Write the data out again exactly, with no pictures.

INPUT DATA:
== == ==

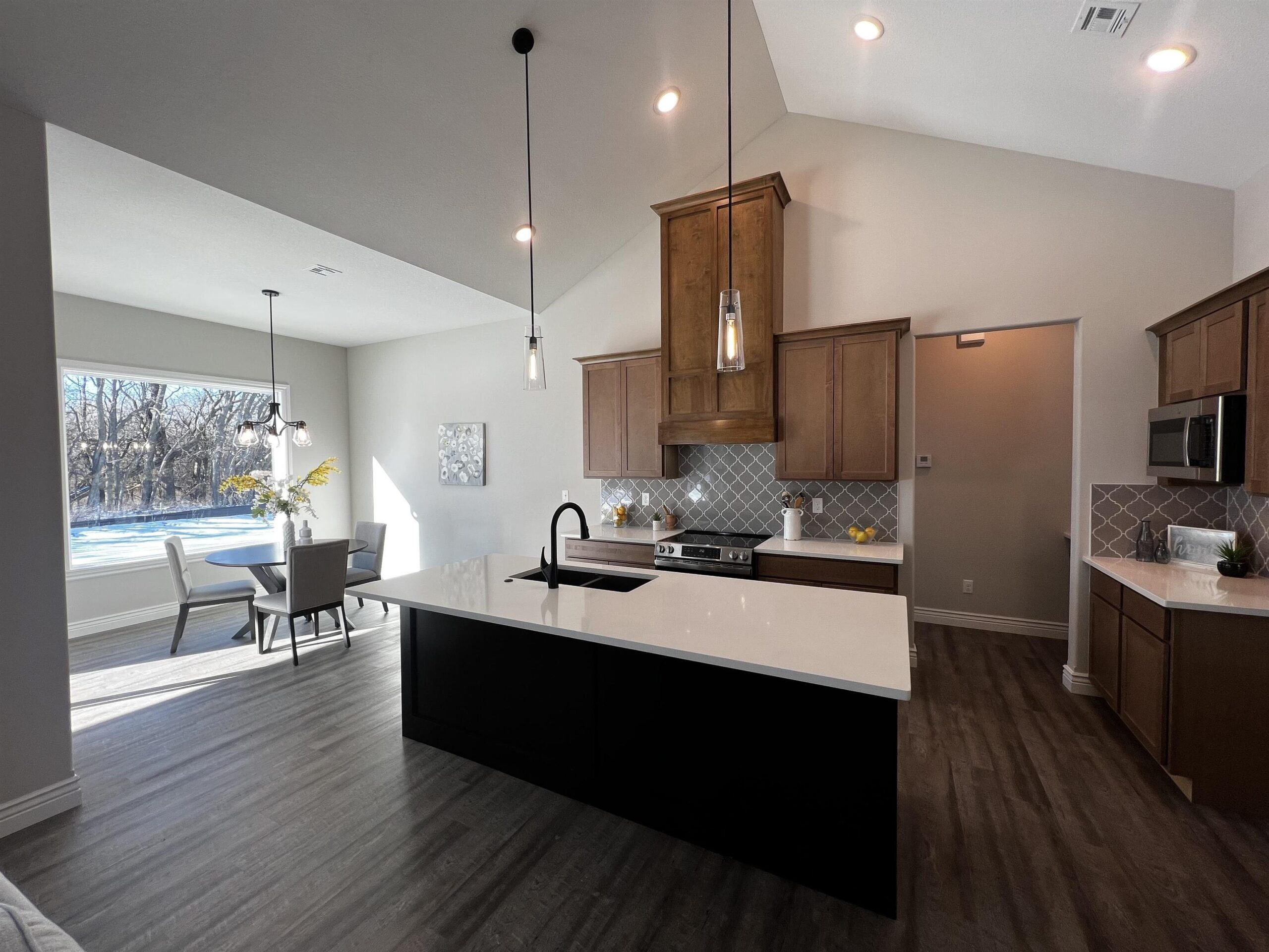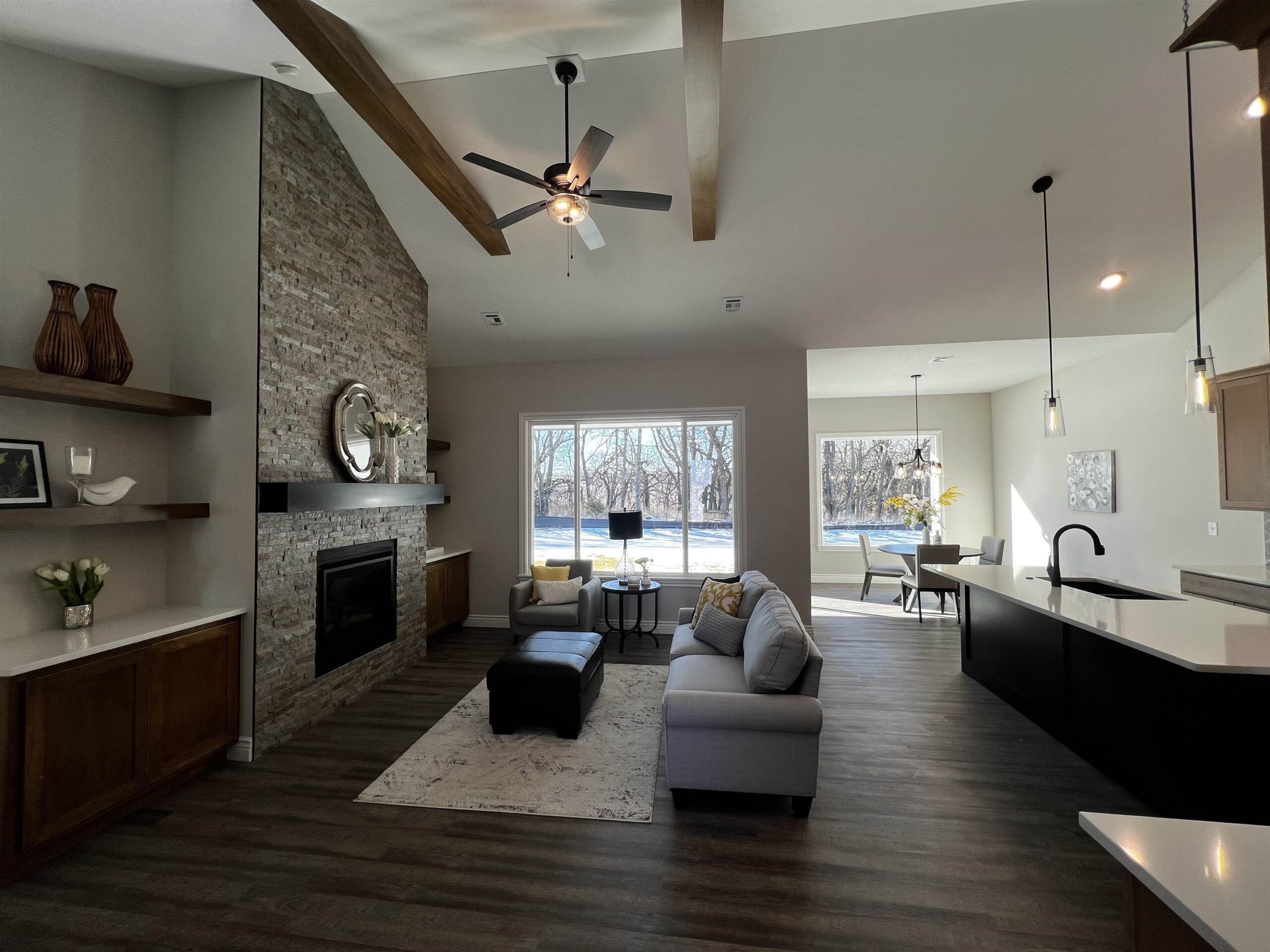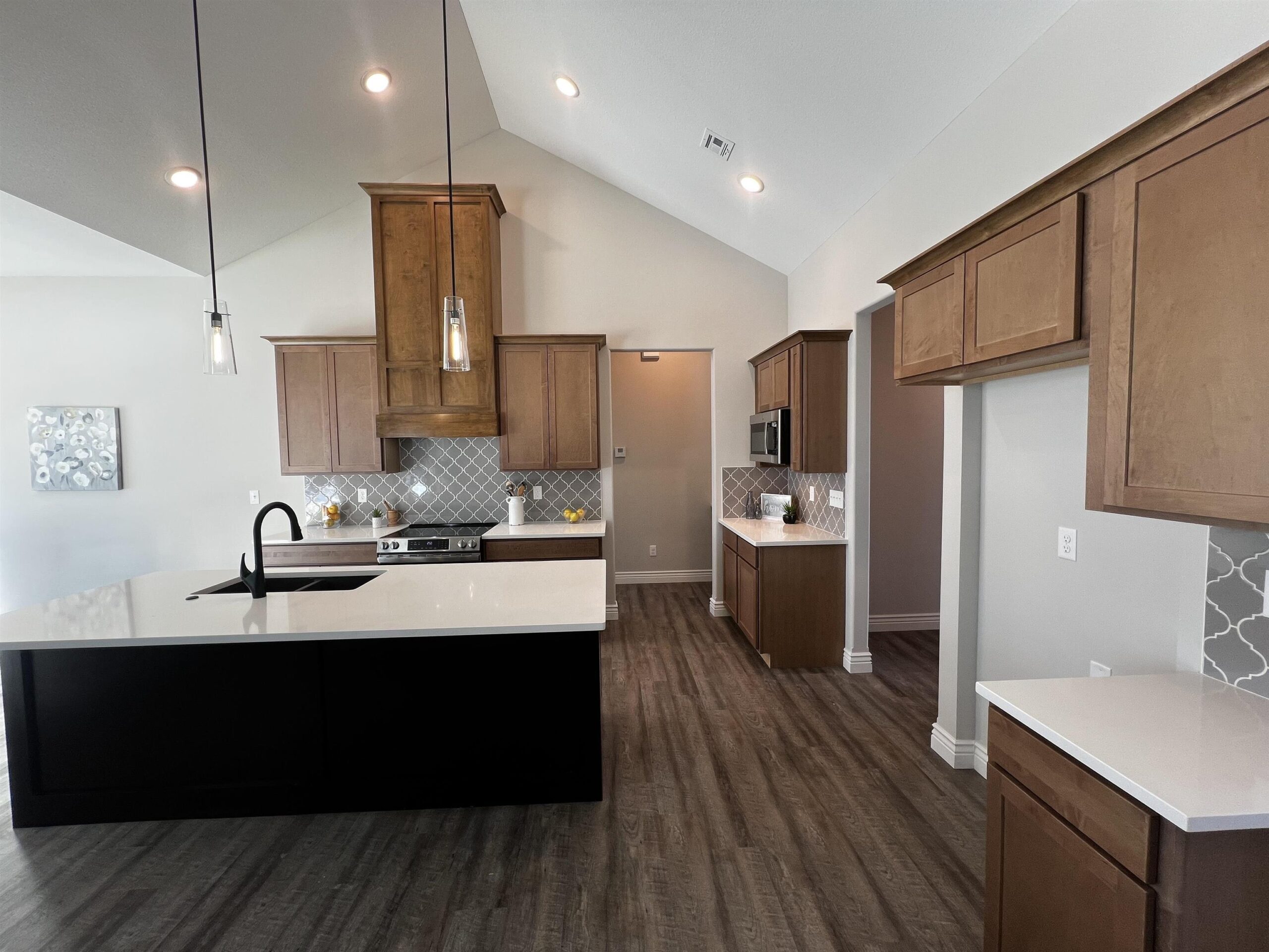 - Description: Come see this BRAND NEW zero entry slab home. The home features an open, split bedroom floorplan with Luxury Vinyl Plank flooring, gas fireplace in the living room, and granite counters. The kitchen features a large island and walk in pantry. The master has a tile shower, soaker tub, two sinks, a water closet, and a large walk in closet. The home has two additional bedrooms with another full bathroom, two linen closets, and a safe room through the hallway. The laundry room is a separate room off the master closet. There is also a half bath off the drop zone room off the garage. The outside features a covered patio, sprinklers, a well, and sod. Schedule a showing today! Show all description
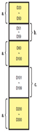 When monitoring tags for which the inconsecutive registers are set: The registers set for a tag to be monitored: D20 to D50, D60 to D100, D200 to D300
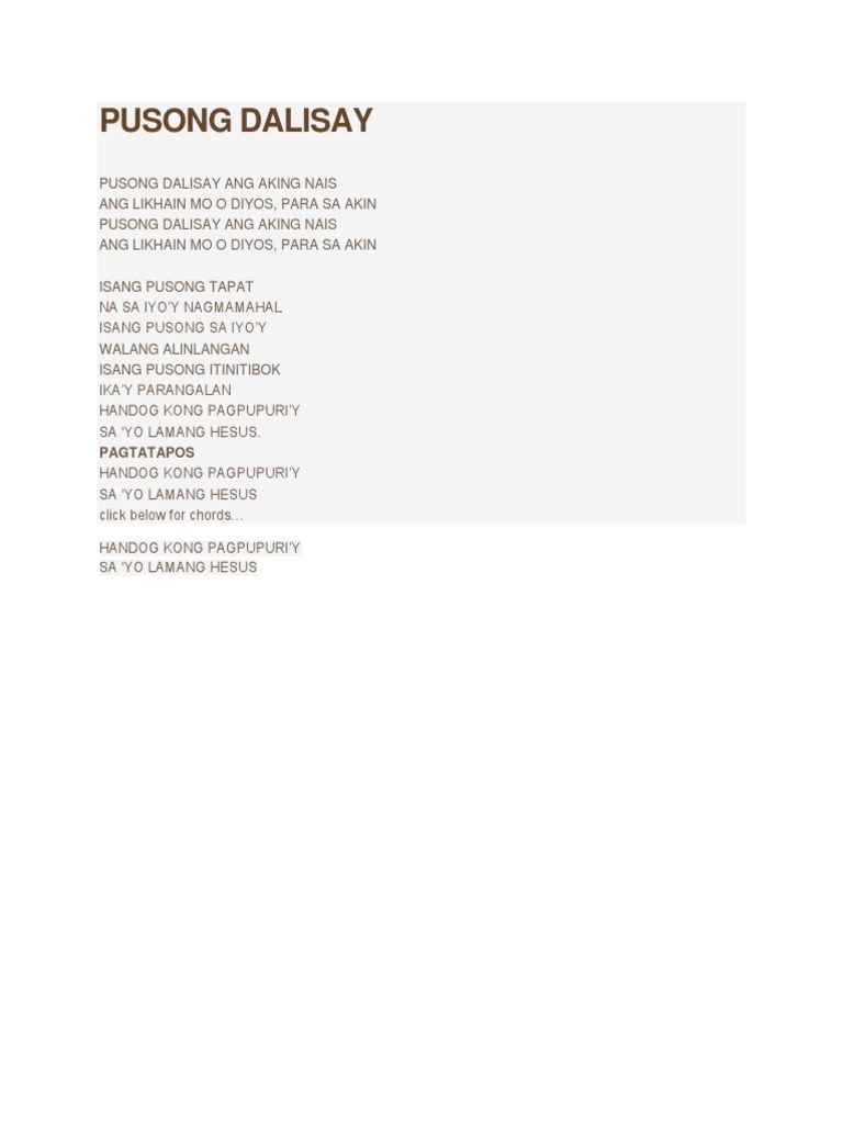PUSONG DALISAY D G pusong dalisay ang aking nais Em A D A na likhain mo o diyos para sa akin D G pusong dalisay ang aking nais Em A D Am7 D7 na likhain mo o diyos para sa akin G A isang pusong tapat Fm Bm na sayoy nagmamahal Em A D isang pusong sayoy walang Am7 D7 alinlangan G A Fm isang pusong tinitibok ikay Bm. Preparing the hearts of Gods peopleC FA pure heart thats what I long forDm G CA heart that follows hard af. Create and get 5 IQ.
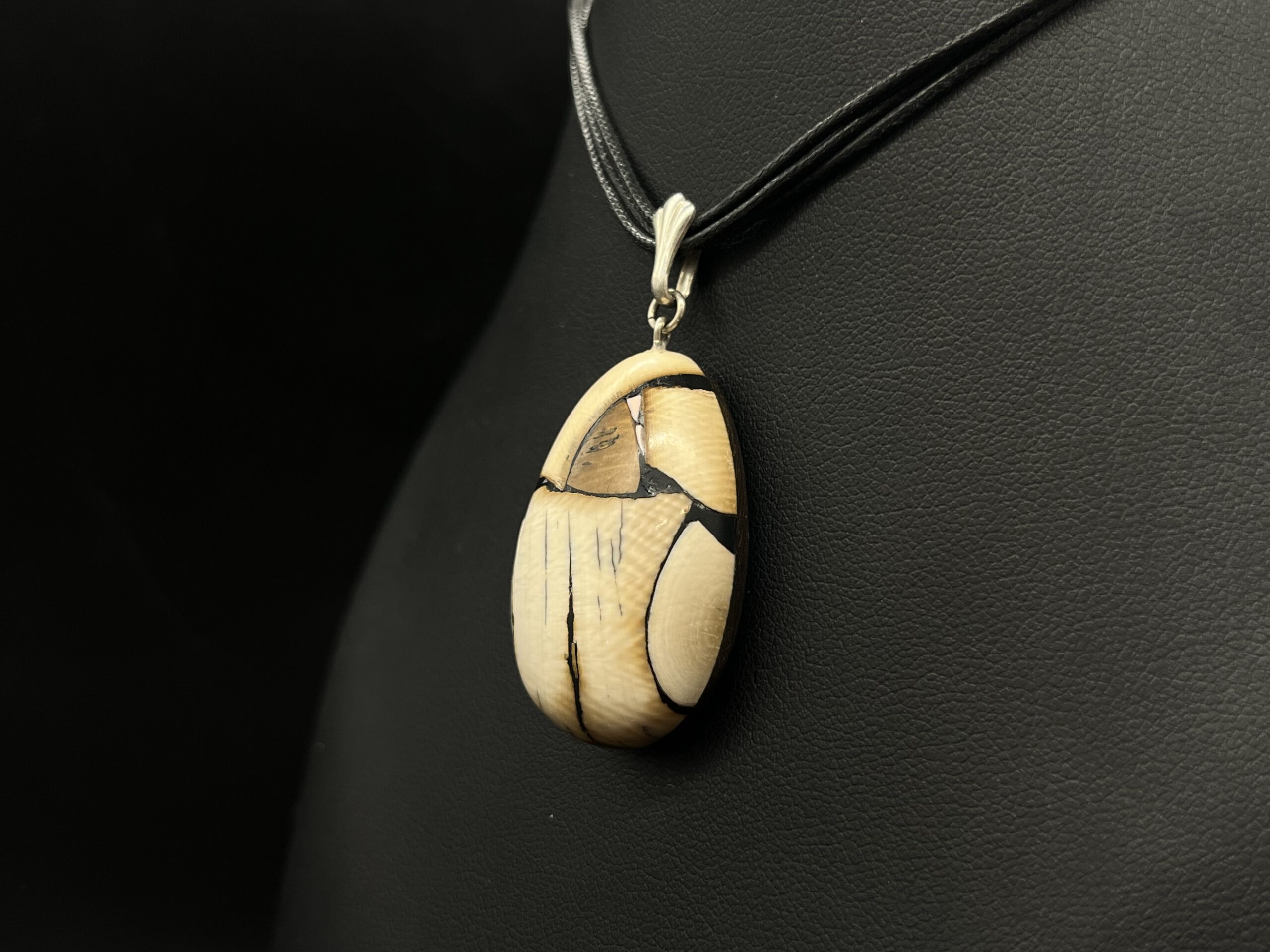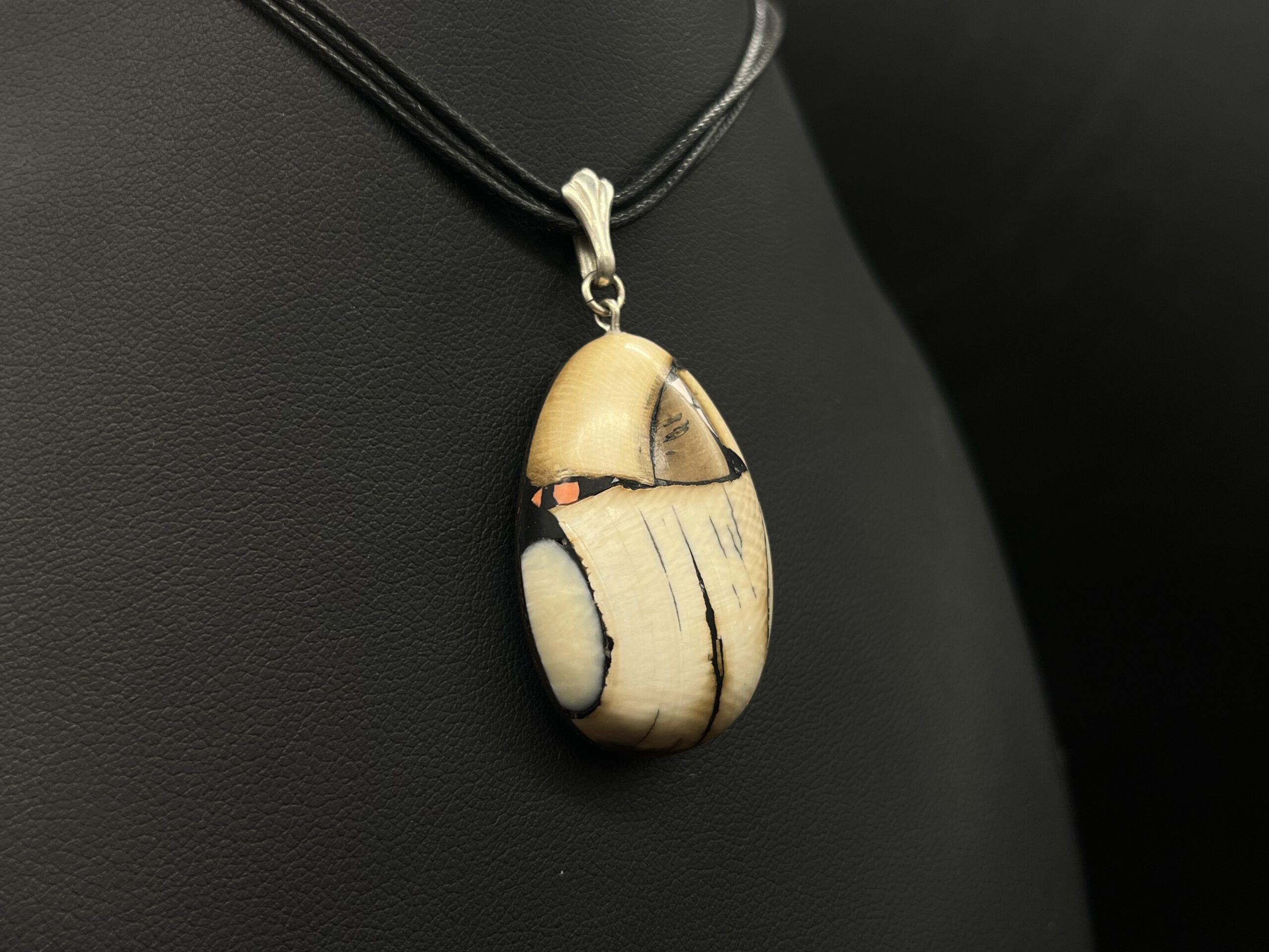 Ei-Relief aus Mammutelfenbein mit Intarsien aus Koralle an Textilband.

== == ==

WRITTEN REPLY:
 - Description: Come see this BRAND NEW zero entry slab home. The home features an open, split bedroom floorplan with Luxury Vinyl Plank flooring, gas fireplace in the living room, and granite counters. The kitchen features a large island and walk in pantry. The master has a tile shower, soaker tub, two sinks, a water closet, and a large walk in closet. The home has two additional bedrooms with another full bathroom, two linen closets, and a safe room through the hallway. The laundry room is a separate room off the master closet. There is also a half bath off the drop zone room off the garage. The outside features a covered patio, sprinklers, a well, and sod. Schedule a showing today! Show all description
 When monitoring tags for which the inconsecutive registers are set: The registers set for a tag to be monitored: D20 to D50, D60 to D100, D200 to D300
PUSONG DALISAY D G pusong dalisay ang aking nais Em A D A na likhain mo o diyos para sa akin D G pusong dalisay ang aking nais Em A D Am7 D7 na likhain mo o diyos para sa akin G A isang pusong tapat Fm Bm na sayoy nagmamahal Em A D isang pusong sayoy walang Am7 D7 alinlangan G A Fm isang pusong tinitibok ikay Bm. Preparing the hearts of Gods peopleC FA pure heart thats what I long forDm G CA heart that follows hard af. Create and get 5 IQ.
 Ei-Relief aus Mammutelfenbein mit Intarsien aus Koralle an Textilband.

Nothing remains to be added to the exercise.